DATA EXTRACT.
*** Begin section ***
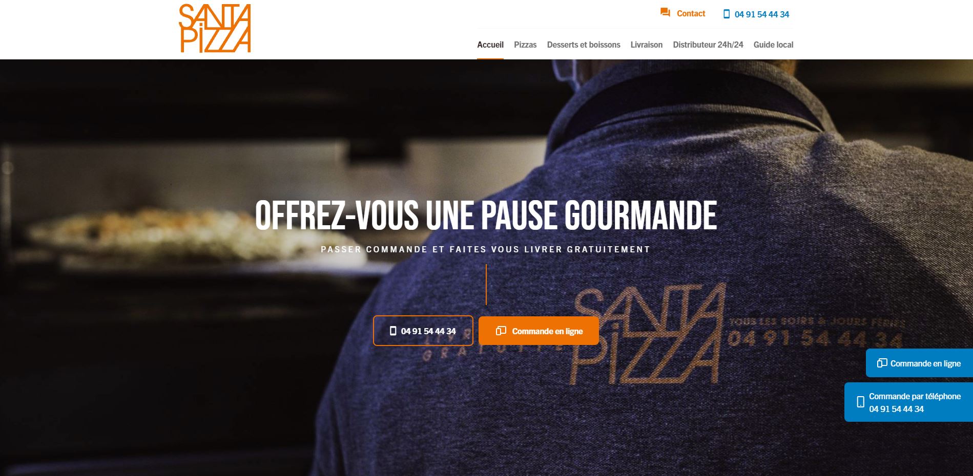 Depuis 1998, Santa Pizza propose des pizzas et chaussons savoureux, réalisés à partir de produits frais. La pâte est faîte sur place et les produits sont rigoureusements sélectionnés. Cette pizzeria, située dans le 7e arrondissement de Marseille, propose sur son site la commande en ligne, avec paiement 100% sécurisé. Vous pouvez ensuite emporter vos pizzas ou vous les faire livrer à domicile, du 1er au 7e arrondissement. Profitez de l'offre 3 pizzas achetées, la 4e offerte.
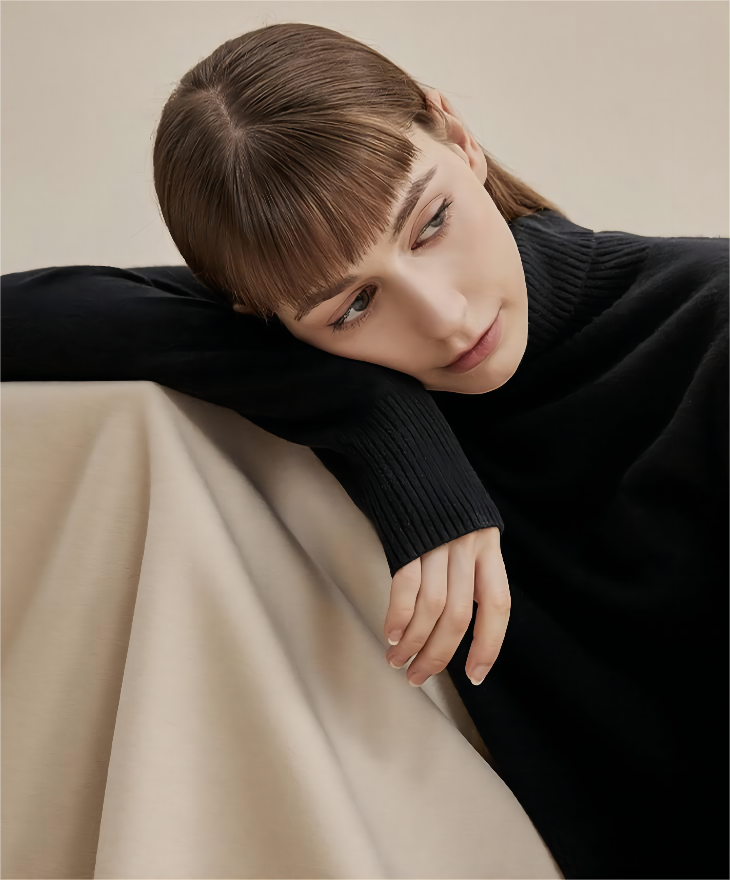 YANECINE设计研发团队在羊毛纤维表面附上一层由植物提取的超薄纳米级别透明保护膜,毛衣的光泽感更强,看起来更高级,手感软糯细腻。
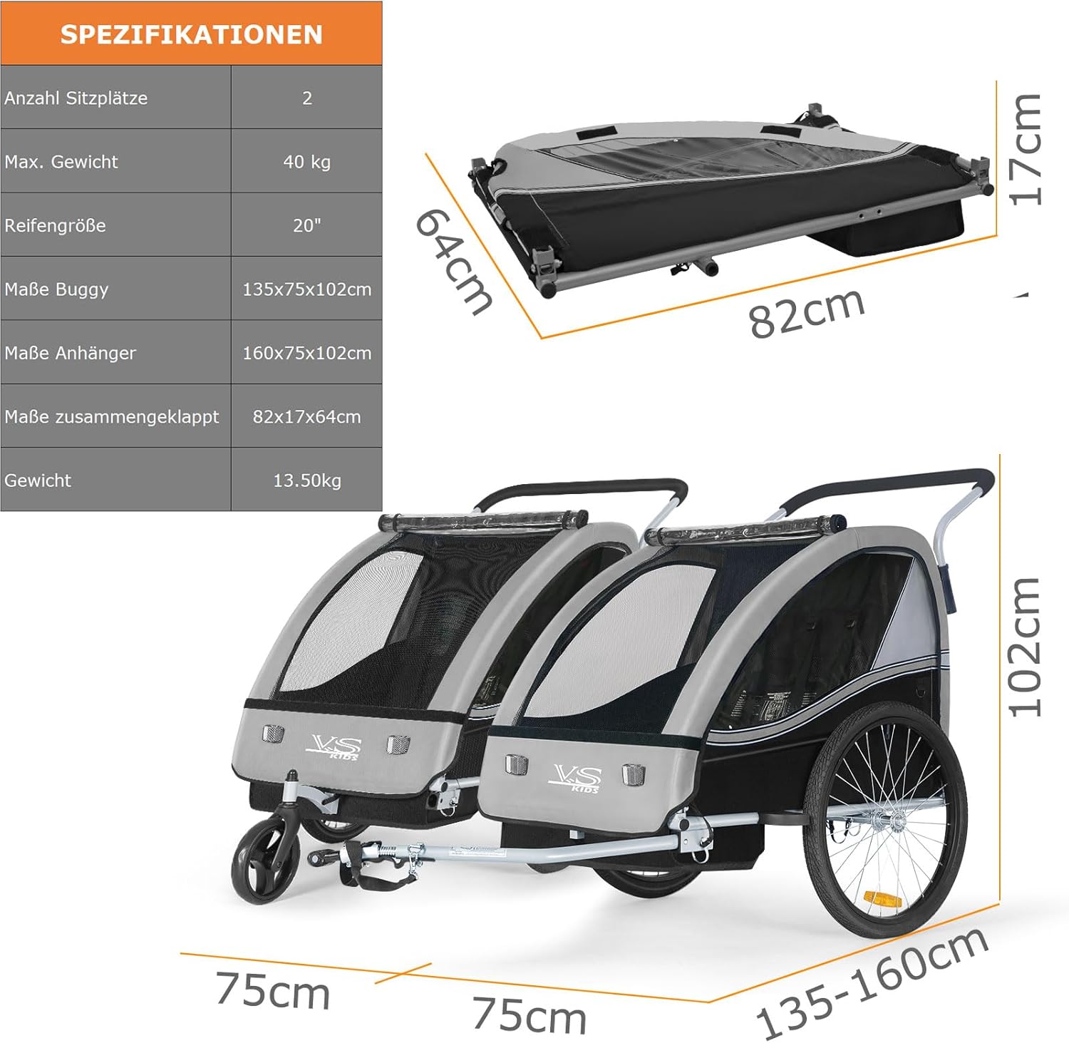 Top-Angebot: Tiggo VS 2-in-1 Children’s Trailer Bicycle Trailer with Buggy Set Jogger 50202
*** End section ***
WORK REQUEST. Transcribe everything above exactly. Do not include the pictures.

COMPLETED EXERCISE.
 Depuis 1998, Santa Pizza propose des pizzas et chaussons savoureux, réalisés à partir de produits frais. La pâte est faîte sur place et les produits sont rigoureusements sélectionnés. Cette pizzeria, située dans le 7e arrondissement de Marseille, propose sur son site la commande en ligne, avec paiement 100% sécurisé. Vous pouvez ensuite emporter vos pizzas ou vous les faire livrer à domicile, du 1er au 7e arrondissement. Profitez de l'offre 3 pizzas achetées, la 4e offerte.
 YANECINE设计研发团队在羊毛纤维表面附上一层由植物提取的超薄纳米级别透明保护膜,毛衣的光泽感更强,看起来更高级,手感软糯细腻。
 Top-Angebot: Tiggo VS 2-in-1 Children’s Trailer Bicycle Trailer with Buggy Set Jogger 50202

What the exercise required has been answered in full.